### TASK DETAILS
The goal is an unaltered copy of the records below, minus any images.

### SOURCE DATA

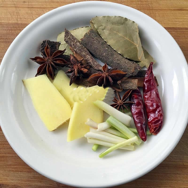 2准备好大料(八角、桂皮、香叶、干辣椒、生姜、葱段)
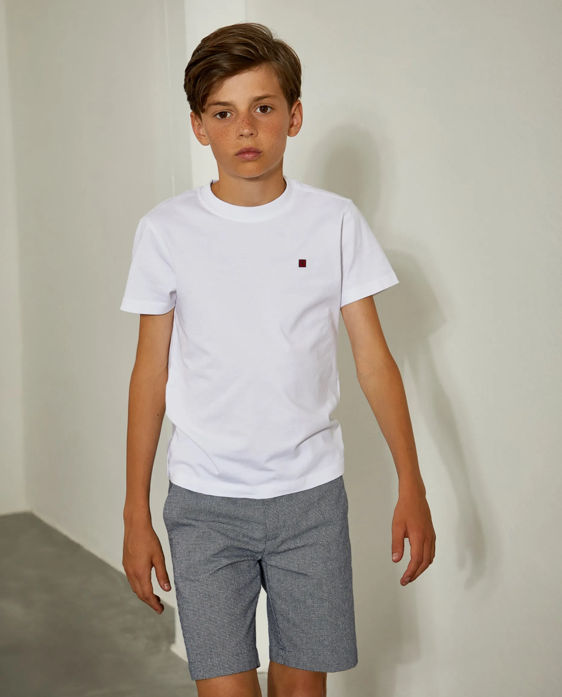 Um indispensável no guarda-roupa dos miúdos para o dia-a-dia ou brincadeiras sem fim. Esta t-shirt básica é confecionada, na totalidade, em algodão para maior conforto. De manga curta e gola redonda canelada, finaliza com pequeno leão da marca em contraste no peito. Está disponível em várias cores.
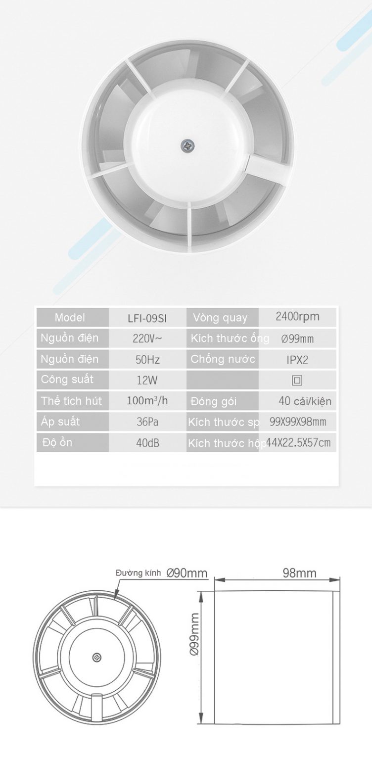 Model LFI-09SI nabízí maximální průtok vzduchu 100 metrů krychlových za hodinu při velmi nízké spotřebě elektrické energie 12 W. Samotný motor dosahuje rychlosti 2400 otáček za minutu a vytváří provozní tlak 36 Pa. Hlučnost zařízení se drží na přijatelné úrovni 40 dB, takže nebude rušit vaše každodenní aktivity.
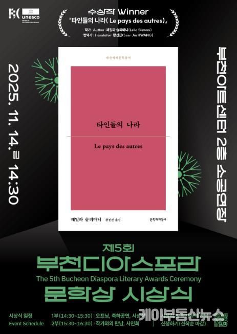 케이부동산뉴스 김교민 기자 | 부천시는 11월 14일 부천아트센터에서 열리는 ‘2025년 제5회 부천디아스포라문학상’ 시상식을 앞두고, 수상작으로 레일라 슬리마니 작가의 ‘타인들의 나라(Le pays des autres)’를 선정했다고 22일 밝혔다.
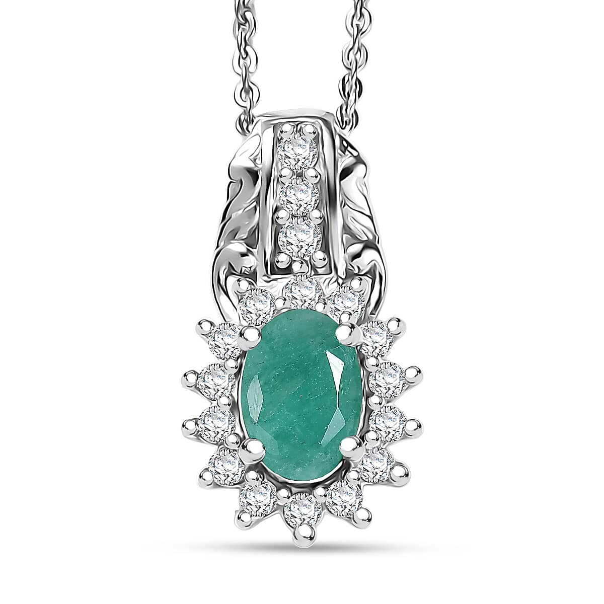 D'Joy Socoto Emerald and White Zircon 1.15 ctw Pendant Necklace in Rhodium Over Sterling Silver 20 Inches
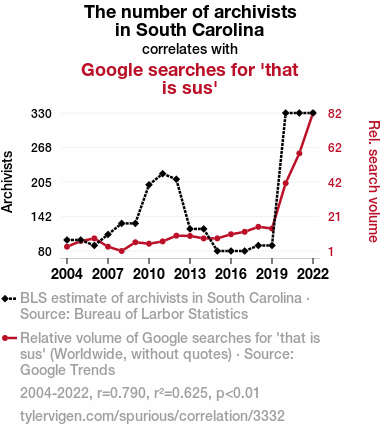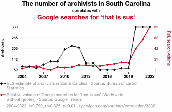 Archivist presence, South Carolina archivists, Google searches, "that is sus", correlation analysis, coefficient, p-value, statistical significance, archivists and "that is sus", quirky correlations, peculiar correlations, society sleuths, quirky correlations in literature.

### TASK SOLUTION
 2准备好大料(八角、桂皮、香叶、干辣椒、生姜、葱段)
 Um indispensável no guarda-roupa dos miúdos para o dia-a-dia ou brincadeiras sem fim. Esta t-shirt básica é confecionada, na totalidade, em algodão para maior conforto. De manga curta e gola redonda canelada, finaliza com pequeno leão da marca em contraste no peito. Está disponível em várias cores.
 Model LFI-09SI nabízí maximální průtok vzduchu 100 metrů krychlových za hodinu při velmi nízké spotřebě elektrické energie 12 W. Samotný motor dosahuje rychlosti 2400 otáček za minutu a vytváří provozní tlak 36 Pa. Hlučnost zařízení se drží na přijatelné úrovni 40 dB, takže nebude rušit vaše každodenní aktivity.
 케이부동산뉴스 김교민 기자 | 부천시는 11월 14일 부천아트센터에서 열리는 ‘2025년 제5회 부천디아스포라문학상’ 시상식을 앞두고, 수상작으로 레일라 슬리마니 작가의 ‘타인들의 나라(Le pays des autres)’를 선정했다고 22일 밝혔다.
 D'Joy Socoto Emerald and White Zircon 1.15 ctw Pendant Necklace in Rhodium Over Sterling Silver 20 Inches
 Archivist presence, South Carolina archivists, Google searches, "that is sus", correlation analysis, coefficient, p-value, statistical significance, archivists and "that is sus", quirky correlations, peculiar correlations, society sleuths, quirky correlations in literature.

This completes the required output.